-- TASK STATEMENT --
Quote word for word from the line holding "Ceiling Fan(s), Eating" to the last line below, including both, and omit any pictures.

ENTRIES SHOWN below:

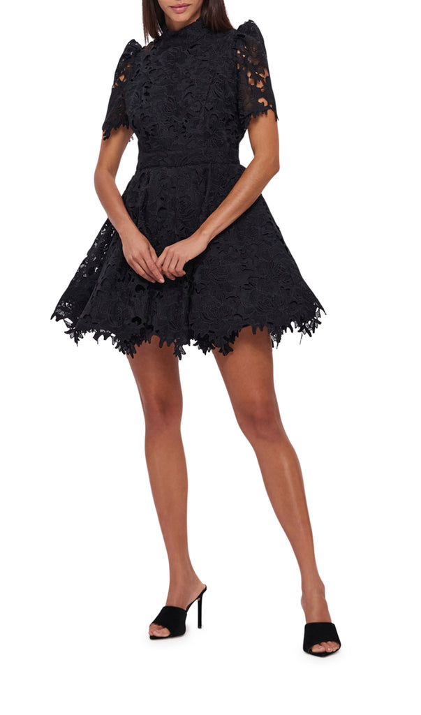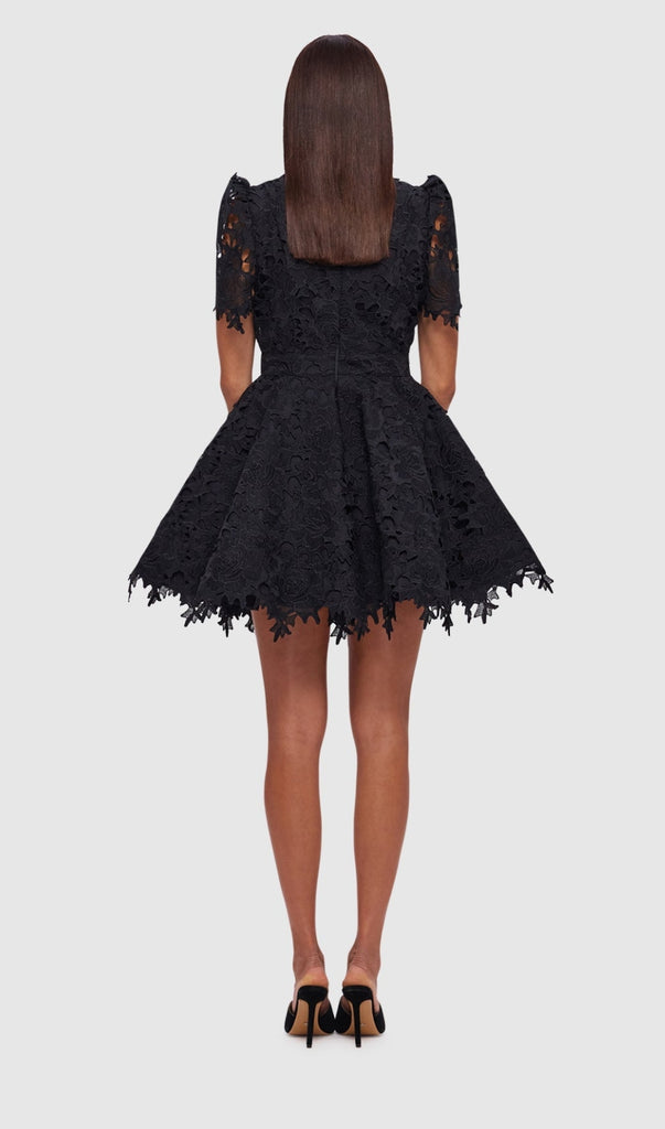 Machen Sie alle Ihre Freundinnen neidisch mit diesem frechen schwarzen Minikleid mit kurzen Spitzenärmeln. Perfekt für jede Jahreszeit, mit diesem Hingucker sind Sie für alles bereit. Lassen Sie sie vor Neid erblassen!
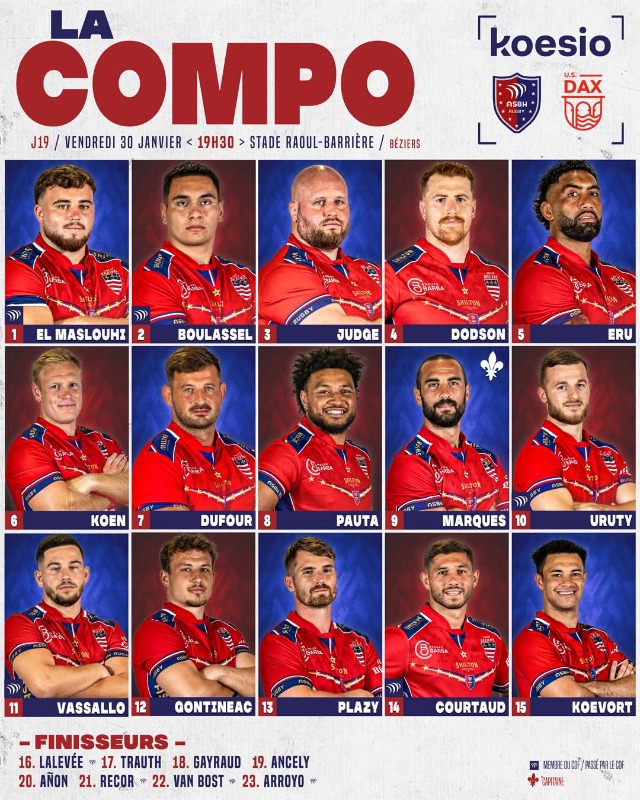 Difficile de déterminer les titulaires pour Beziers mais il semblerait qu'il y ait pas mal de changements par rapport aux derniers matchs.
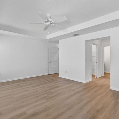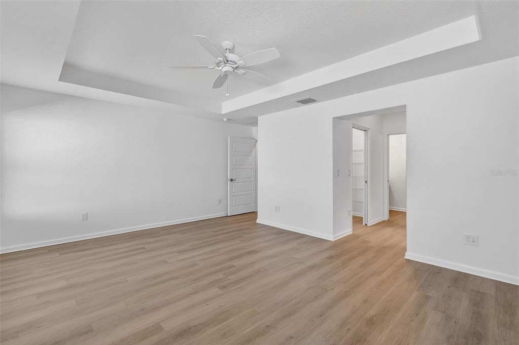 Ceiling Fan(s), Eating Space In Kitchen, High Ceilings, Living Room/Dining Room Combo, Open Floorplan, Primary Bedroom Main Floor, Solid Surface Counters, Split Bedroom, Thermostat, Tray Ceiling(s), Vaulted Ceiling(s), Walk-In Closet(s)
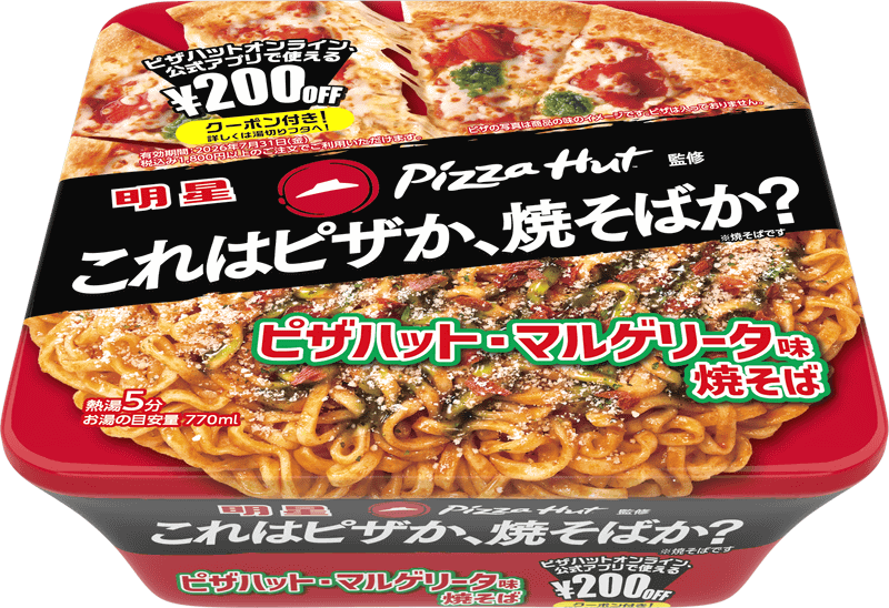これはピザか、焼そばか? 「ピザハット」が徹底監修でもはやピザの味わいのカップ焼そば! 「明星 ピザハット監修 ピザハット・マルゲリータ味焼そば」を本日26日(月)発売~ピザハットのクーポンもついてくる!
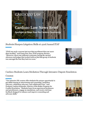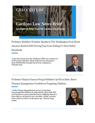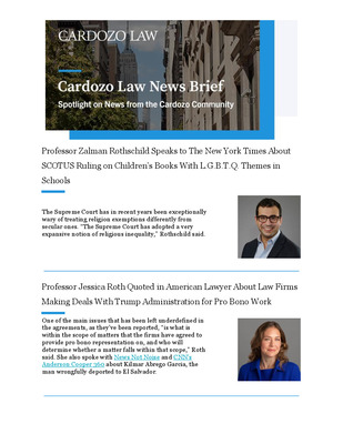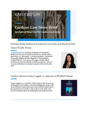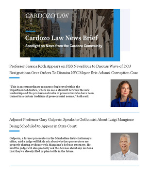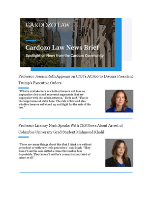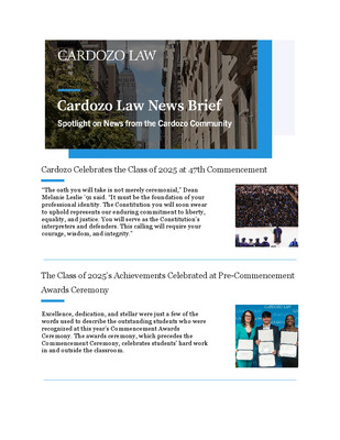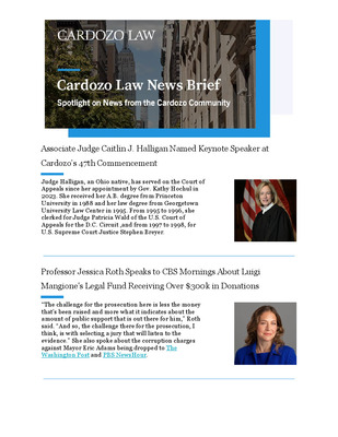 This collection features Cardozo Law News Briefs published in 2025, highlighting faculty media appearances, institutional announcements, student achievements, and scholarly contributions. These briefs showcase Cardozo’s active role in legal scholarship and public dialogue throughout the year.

End of ENTRIES SHOWN.

-- RESPONSE TO THE EXERCISE --
 Ceiling Fan(s), Eating Space In Kitchen, High Ceilings, Living Room/Dining Room Combo, Open Floorplan, Primary Bedroom Main Floor, Solid Surface Counters, Split Bedroom, Thermostat, Tray Ceiling(s), Vaulted Ceiling(s), Walk-In Closet(s)
これはピザか、焼そばか? 「ピザハット」が徹底監修でもはやピザの味わいのカップ焼そば! 「明星 ピザハット監修 ピザハット・マルゲリータ味焼そば」を本日26日(月)発売~ピザハットのクーポンもついてくる!
 This collection features Cardozo Law News Briefs published in 2025, highlighting faculty media appearances, institutional announcements, student achievements, and scholarly contributions. These briefs showcase Cardozo’s active role in legal scholarship and public dialogue throughout the year.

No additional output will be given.